不同阴离子钠盐对土壤Cd形态与微生物群落的影响

为了探明污染土壤在盐碱胁迫条件下镉（Cd）有效性与微生物群落的响应，采集污灌区Cd污染农田土壤，模拟北方土壤典型盐碱胁迫情景，设置不同阴离子钠盐配置处理，利用微生境培养实验，采用高通量测序技术，结合对土壤性质、土壤Cd形态等的测定.结果表明：施用钠盐可显著提高钠吸附比（SAR）、碱化度（ESP），降低有机碳（SOC）含量、阳离子交换量（CEC）；促进土壤中小粒径团聚体（<0.002mm）的形成，增加了Cd在小颗粒团聚体的质量负载；与对照相比，两种土壤中T1处理（主要阴离子为SO₄^2-、Cl^-）均显著（P<0.05）增加交换态Cd含量（27.06%和11.00%）.钠盐的添加降低了土壤中细菌的丰度和多样性，其中T1处理的微生物群落均匀度最低；盐碱胁迫处理改变了土壤细菌的关键类群，如增加了耐盐碱腈基降解菌科、葡萄球菌科、假单胞菌科和耐重金属芽孢杆菌科的菌群丰度，不同处理菌群结构差异与土壤阴离子组成有关，如相比而言，T1处理可增加变形菌门、芽单胞菌门、拟杆菌门的丰度.冗余分析结果表明土壤pH值、交换态Cd含量、SAR和ESP是影响细菌群落组成变化的关键环境因子，拟杆菌门、芽单胞菌门和变形菌门的丰度与pH值呈正相关，而酸杆菌门、绿弯菌门的丰度与交换态Cd含量、SAR呈现显著正相关.可见，盐碱胁迫增加了土壤Cd的有效性，显著改变了土壤微生物群落结构.

Effect of sodium salt with varied anions on Cd fractions and microbial community in soil

In order to explore the impact of saline-alkaline stress on soil microbial community structures and Cd availability, different Cd-contaminated soils from wastewater-irrigated agricultural land were collected, the actual saline-alkali environment was simulated by adding the neutral and alkaline salts in different proportions. Soil microcosm incubations were conducted, Illumina high-throughput sequencing of 16S rRNA genes was used to estimate microbial community structures, and basic soil physiochemical properties and Cd content were determined.
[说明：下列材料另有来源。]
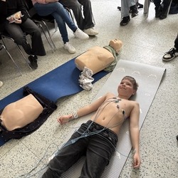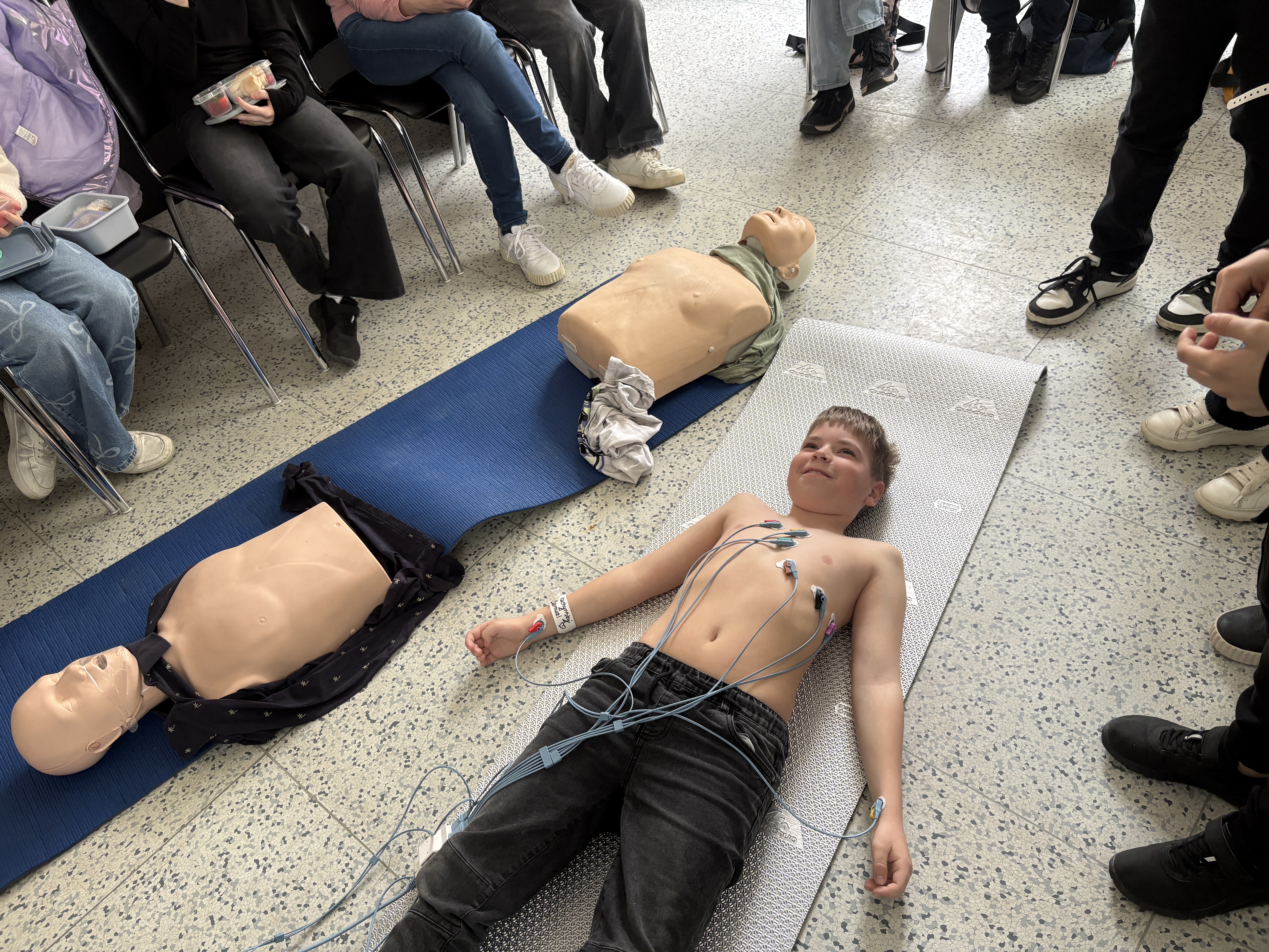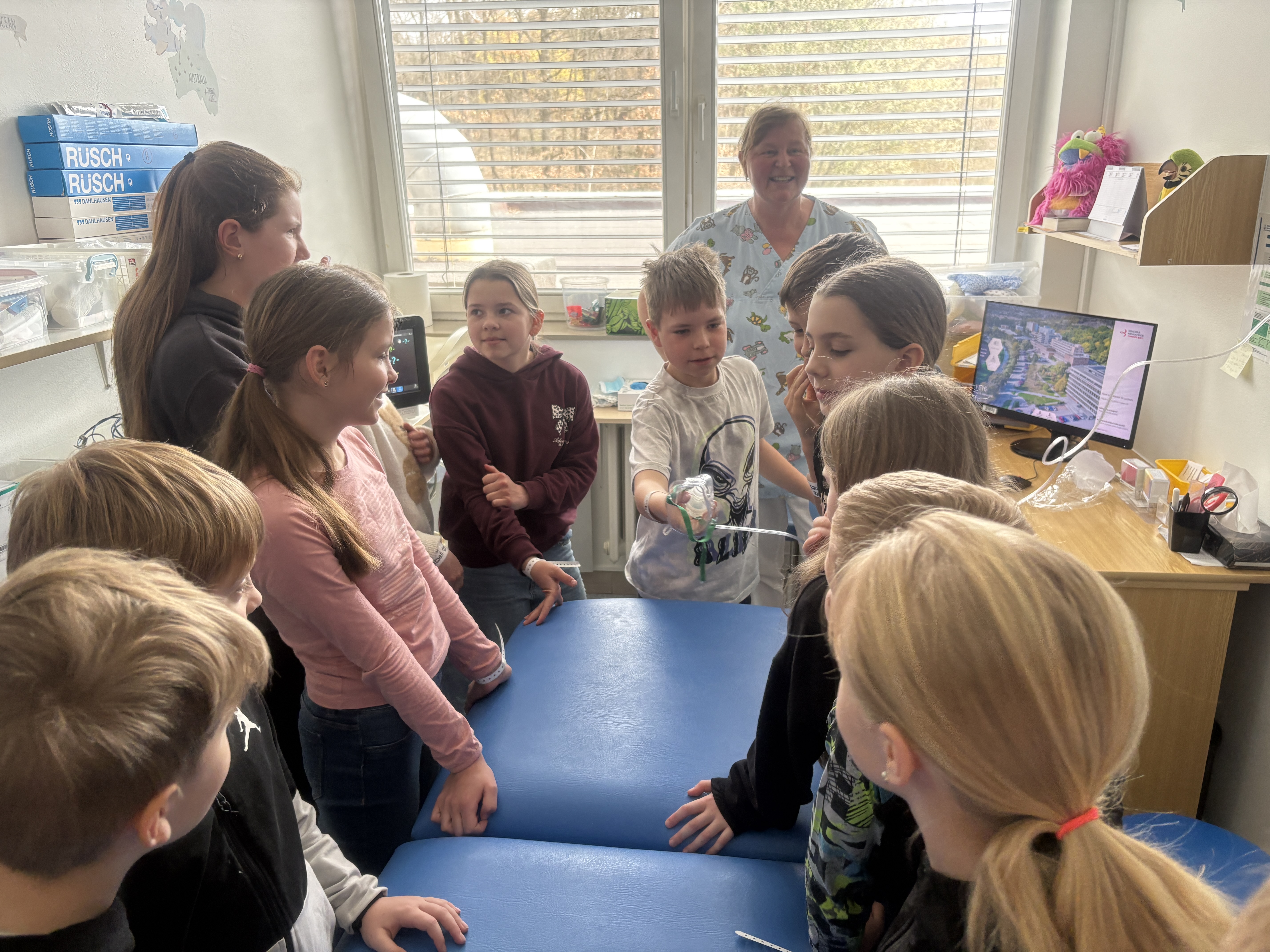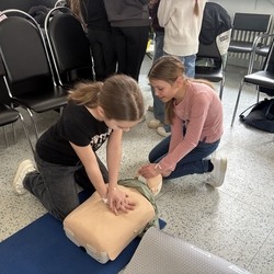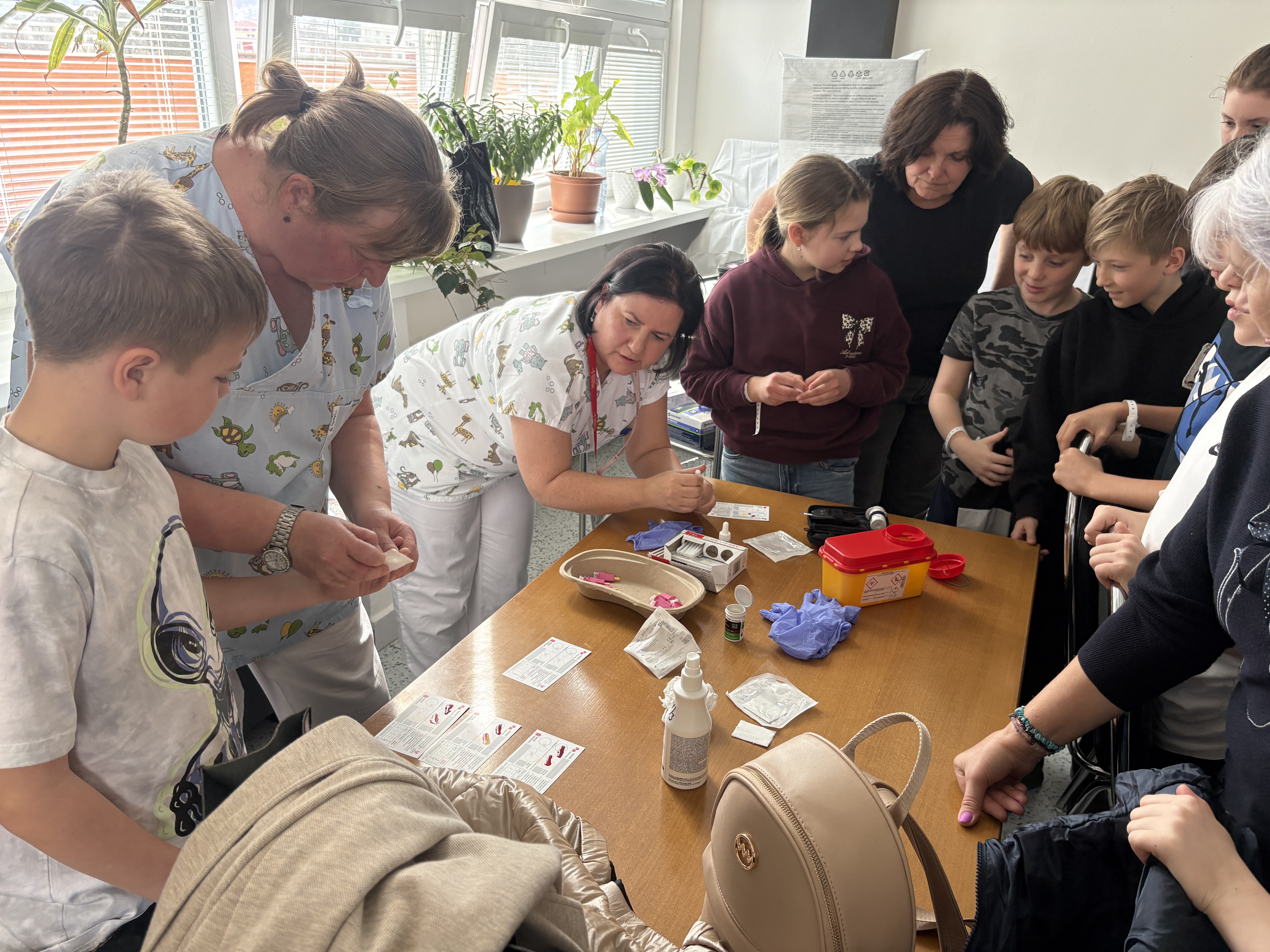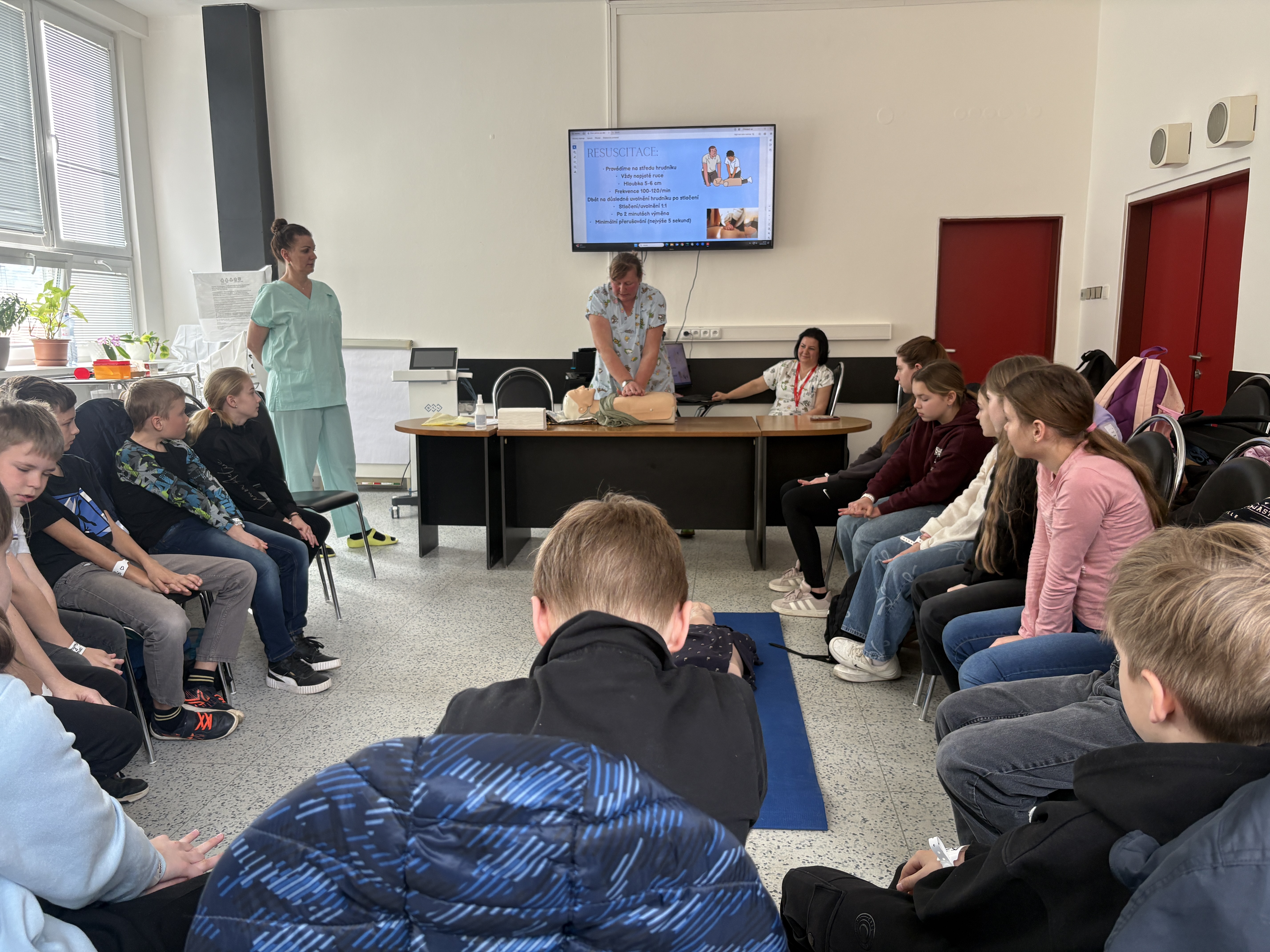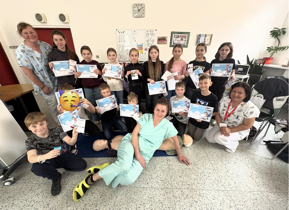 Hned u vchodu nás přivítala vrchní sestra a ta nás zavedla do celkem zajímavé místnosti. Byl to přednáškový sál. Tři sestřičky si pro nás připravily zajímavou prezentaci s poutavým povídáním o první pomoci. Nejenomže jsme se toho moc dozvěděli, ale hlavně jsme si mohli všechno prakticky vyzkoušet. Resuscitaci jsme prováděli na dvou figurínách. Jeden z nás měl odvahu si nechat natočit EKG. Téměř všichni jsme si nechali z kapky krve změřit hladinu cukru a orientačně určit krevní skupinu. Poté jsme se šli podívat na oddělení větších dětí a na jednotku intenzivní péče. Sestřičky nám ukázaly, co všechno se děje na vyšetřovně při příjmu k hospitalizaci. Říkaly, že jsme moc hodní a aktivní, a tak jsme obdrželi diplomy a malou odměnu.

The results showed that salt addition positively affected sodium adsorption ratio (SAR), alkalinity (ESP), but reduced the content of soil organic carbon (SOC), cation exchange capacity (CEC). Increased soil salinity and alkalinity increased the proportion of small soil aggregates (<0.002mm), and promoted Cd translocation from large aggregates into clay/silt size fractions. Treatment T1 (mainly contained ions of SO₄^2- and Cl^-) enhanced exchangeable Cd content in both test soils by 27.06% and 11.00%. Soil saline-alkali stress decreased bacterial abundance and diversity, comparatively, soil microbial community in T1 showed the highest difference. Meanwhile, salt addition changed major soil bacterial taxa, for example, increased saline stress enriched saline-alkali tolerant taxa Nitriliruptoraceae, Staphylococcaceae, Pseudomonadaceae and heavy-metal resistant taxa Bacillaceae, microbial structure difference under different treatments probably depended the components of soil anions. For instance, comparatively, the abundance of Proteobacteria, Gemmatimonadetes and Bacteroidetes was significantly enriched in T1treatment. Redundancy analysis (RDA) of the abundant bacterial phyla and soil properties suggested that soil pH, exchangeable Cd content, SAR and ESP were the most influential environmental factors driving the changes in community composition, the abundances of Bacteroidetes, Gemmatimonadetes, and Proteobacteria were positively correlated with pH, and the abundances of Chloroflexi and Acidobacteria were strongly positively correlated with soil exchangeable Cd content, SAR. Therefore, saline-alkali stress increased soil Cd availability, significantly altered soil bacterial community.